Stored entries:
*-*-*

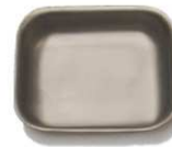
7425 TRAY IMPLANT
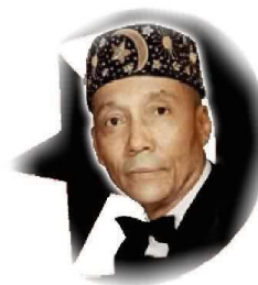
The Honorable Elijah Muhammad Messenger Of Allah

The Honorable Elijah Muhammad advises us that we can never live as we desire—having freedom, justice and equality – until we are in our own
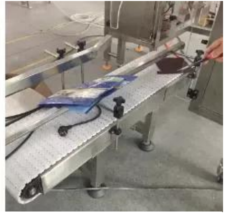
Finished product conveyor
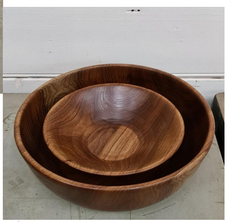
3<sup>rd</sup> – Jim Juffs (Bowls – from same piece of wood)
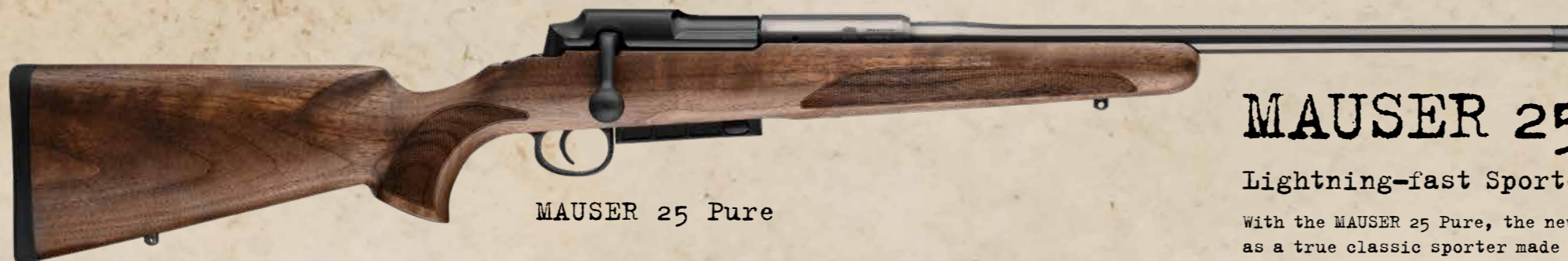
MAUSER 25 Pure

Overall length: 100.5 cm | Weight: approx. 3.2 kg
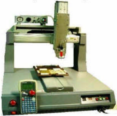
Epoxy or Solder Paste Dispenser
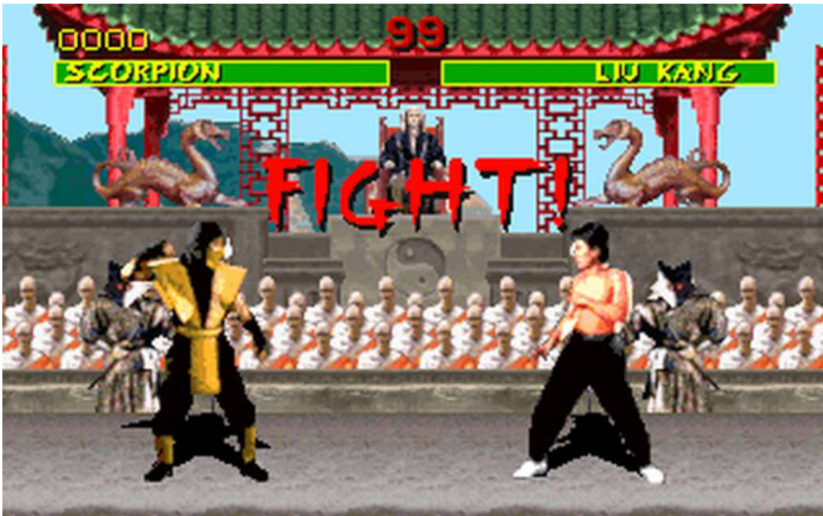
Figure 2, a screenshot from Mortal Combat
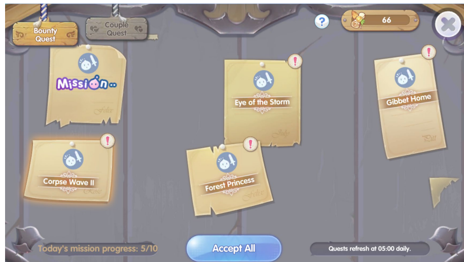
Figure 2. Mission Board for Daily Quest

There are several ways to collect currency in the game in ROX. Some activities directly give currency to the players and some other activities need trading to convert the loots into currencies. Universal basic income in this game is the Daily Mission. Players come to the Mission Boards to get ten quests per day. The rewards for doing the quest. Every player also gets quota for daily and weekly dungeon raids. Players can go hunting the boss monster to get loots which can be sold as premium items. There are also life skill features to collect sellable materials such as mining, fishing, gardening, smelting, and cooking. A special class such as the merchant branch can do crafting, while the knight branch can craft a rune. Players can also collect zenry and materials through mob grinding. This is when players continuously kill specific regular monsters.
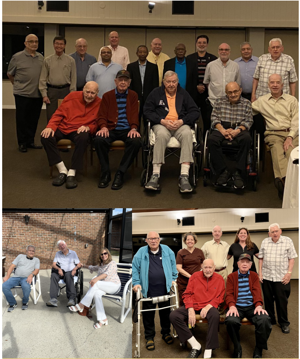
Redemptorist Jubilees were celebrated in February 2023 at Saint Alphonsus Villa in New Smyrna Beach, FL.
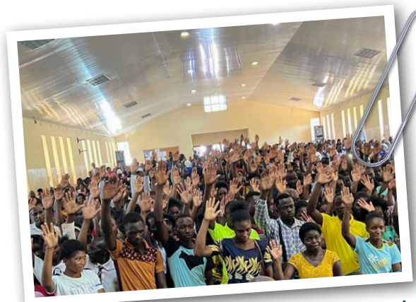
Baptismal candidates in Livingstone raising their hands in commitment.

That's why, when these 22 girls came to me and said, "Pastor, what will happen to us?" I said, "Nothing will happen to you. By God's grace, we're going to help you, and we'll work out a plan with the local church."
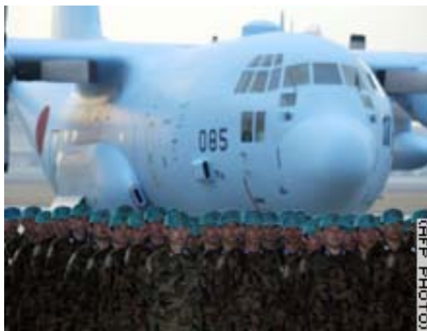
An ASDF C-130

it, seems to have begun in the fall of 2003 at about the same time as the GSDF deployment to Samawa. The main operations are conducted from Ali al-Salim Air Base in Kuwait, and involve about two hundred men and three C-130 transport planes. An additional ten ASDF officers serve at the U.S. Air Force Central Command, which is apparently in Qatar. It is not clear what the ASDF planes are actually transporting, but they have denied rumors that their cargoes include ammunition for U.S. forces.
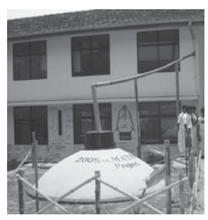
Partial under ground Ferro cement tank

The most significant impact of the rainwater harvesting system in Sri Lanka is the ensured supply of water in the homestead. Domestic rainwater harvesting system increased the use of water per capita from 28 lpcd (liters per capita per day) in non-beneficiary households to 43 lpcd in beneficiary households (Ariyabandu 1999). The harvested rainwater that is stored in the tanks also acts as a source of water for small-scale home gardens. It also has introduced water conservation practices with use of drip irrigation and water management systems. Mushroom cultivation, poultry and goat rearing and running of boutiques are some of the economic activities that households are able to engage in as a result of having a rainwater harvesting tank. Increased use of water for toilet and washing purposes is seen in beneficiary, and households will indirectly achieve improvement in personal health.
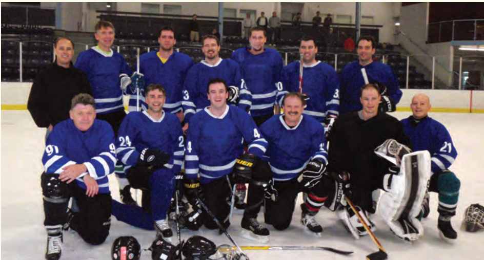
The "Tavares Blue Thunder".

Fun was had by everyone, and $380 was collected as donations to the Trust!
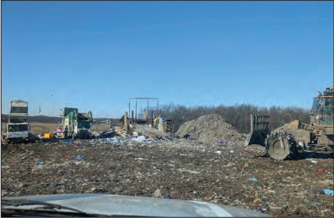
Wood chips for travel improvement stockpiled
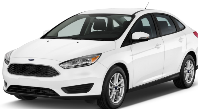
2018 Ford Focus
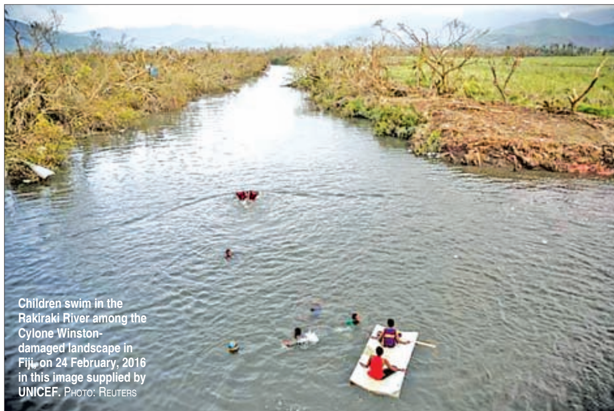
Children swim in the Rakiraki River among the Cyclone Winston-damaged landscape in Fiji, on 24 February, 2016 in this image supplied by UNICEF. PHOTO: REUTERS
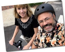
Rode the new rental scooters
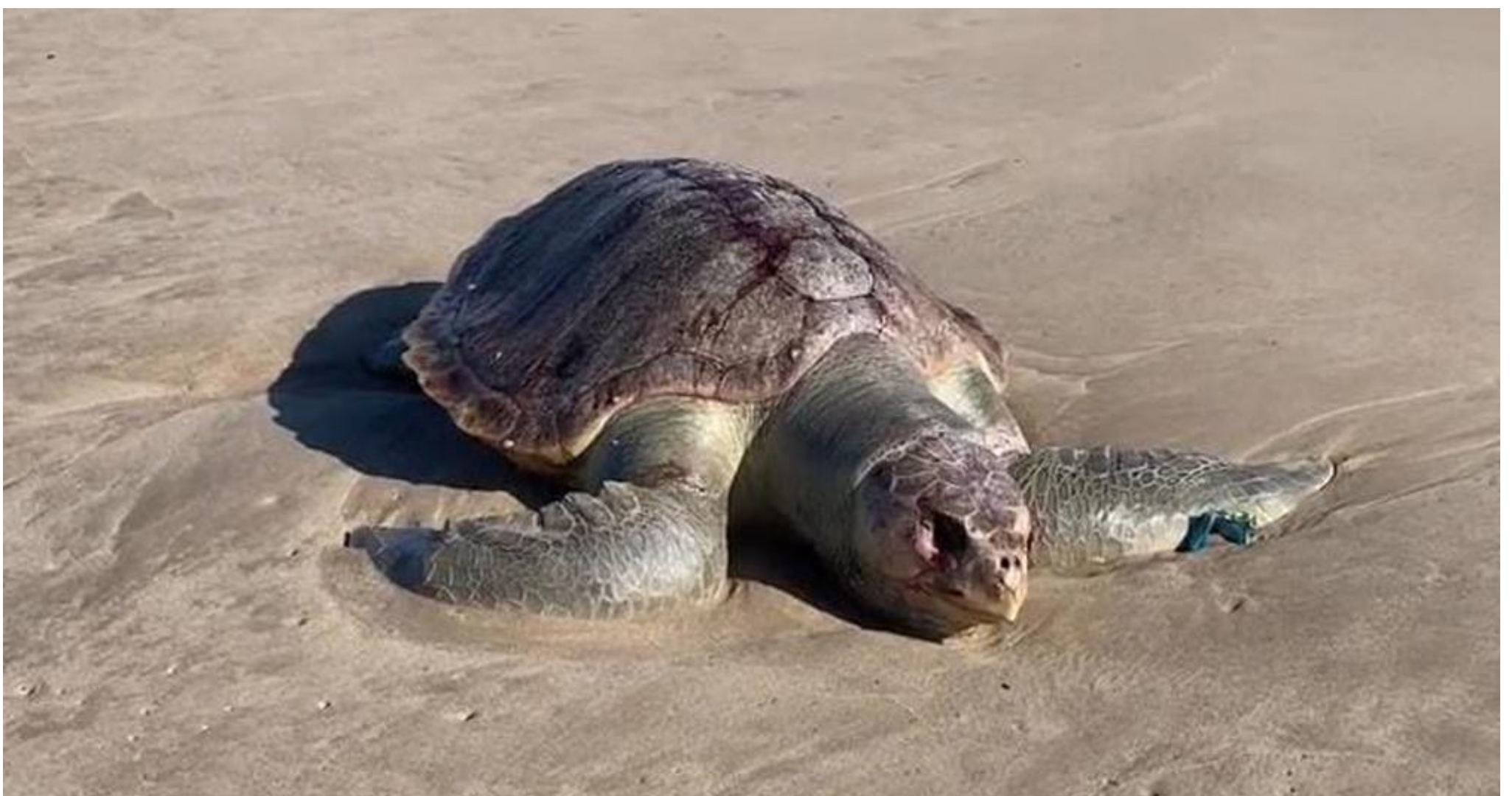
The turtle died decompensated due to an injury to the left flipper

Sea turtles are of great importance for marine-coastal ecosystems, since they are at the top of food webs (they control the growth of sponges and algae in coral reefs, as well as that of small crustaceans and even jellyfish). Likewise, they promote the flow of energy between the sea and the land because they make long migrations and occupy a variety of habitats.

*-*-*

* [WORK TO COMPLETE]: The lines above may hold the string "having". Say how many do, and give only that number.

* [WORKED SOLUTION]: 2